As is true in many parts of the world, the pattern and priority of feasts in the Khasi and Jainta homeland has its own local rhythm. Christmas and Easter draw the highest Mass attendance of the year, though Christmas is not otherwise celebrated with all of the cultural fanfare (or distraction) that defines it in many parts of the world. Asked if there was anything special that they did for Christmas, such as the way people in some cultures decorate extensively or exchange presents, one person’s answer covers what others said: “We didn’t do anything. We just get cakes… We go for Mass… that is the main thing. After that, we come home and sleep.”1
Two occasions, All Soul’s Day and the diocesan Eucharistic procession two weeks later stand out as high points of the year. In 2023, when the Eucharistic procession coincided with Diwali, the Hindu celebration of lights that is the rest of India’s biggest celebration of the year, the Eucharistic procession was a much bigger event in Shillong.

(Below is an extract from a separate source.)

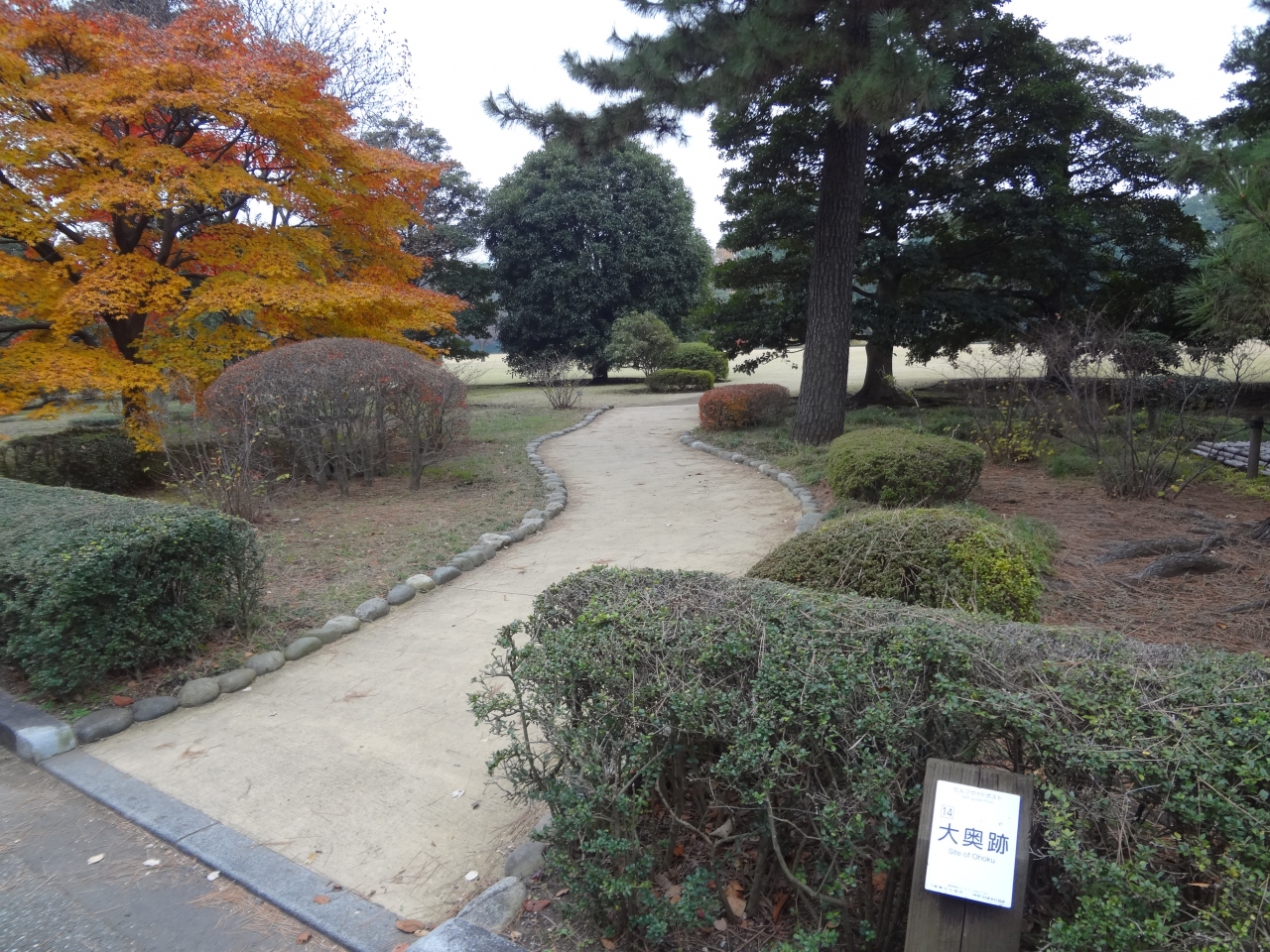 皇居東御苑の一画に「大奥跡」を記す案内板を見つけました。本や映画などでもしばしば描写される「大奥」がこの場所にあったのかと思うと、あまりに何もない今の光景とのギャップに驚かされます。その片鱗すら残っていないことが惜しまれます。

Parishes also organize Eucharistic processions on a smaller scale on different dates, but the diocesan procession has been a major event for at least a century, designed to be a spectacle and a show of unity that attracts Catholics from throughout Meghalaya. In 2024, the year recounted here, several bishops and the papal nuncio to India came to participate.
For days before, crews were visible cleaning and painting grottoes and other spots all around the cathedral grounds. Buses and cars began to flow in by midmorning on the Sunday of the procession, which often means that they began their journey well before dawn. In the late morning, a grand outdoor Mass was held across from the cathedral, at a dedicated, permanent altar. Some faithful could look down on it from the hillside cathedral steps, but most participants needed to watch on giant screens set up on several parts of the large cathedral grounds. A large number of priests celebrated, and groups of sisters and seminarians from many orders filled the grounds.
The procession, after lunch, is a dress-up affair, and both men and women wore the sort of clothes that might be expected at a wedding, including dress shoes that were not especially comfortable for a two-hour procession. Although this is a region with many children, relatively few children were present, and neither were there many adults over 50, perhaps because of the strain of travel and walking. Young adults predominated, whether with families, in groups of friends, or as couples.
Participants all seemed to walk with their parish group, singing hymns or reciting prayers. Others lined the sidewalks to watch. The occasion, which stretched out over more than 6 hours between the time groups made their way in and could begin to leave the city, provided many social and religious opportunities.
- 1 All articles on Meghalaya are based on interviews with dozens of Khasi and Jainta people from St. Francis Xavier parish, Umbir; St. Peter’s parish, Jaliphet and its station in the village of Muknor; and in Umoid and Shillong.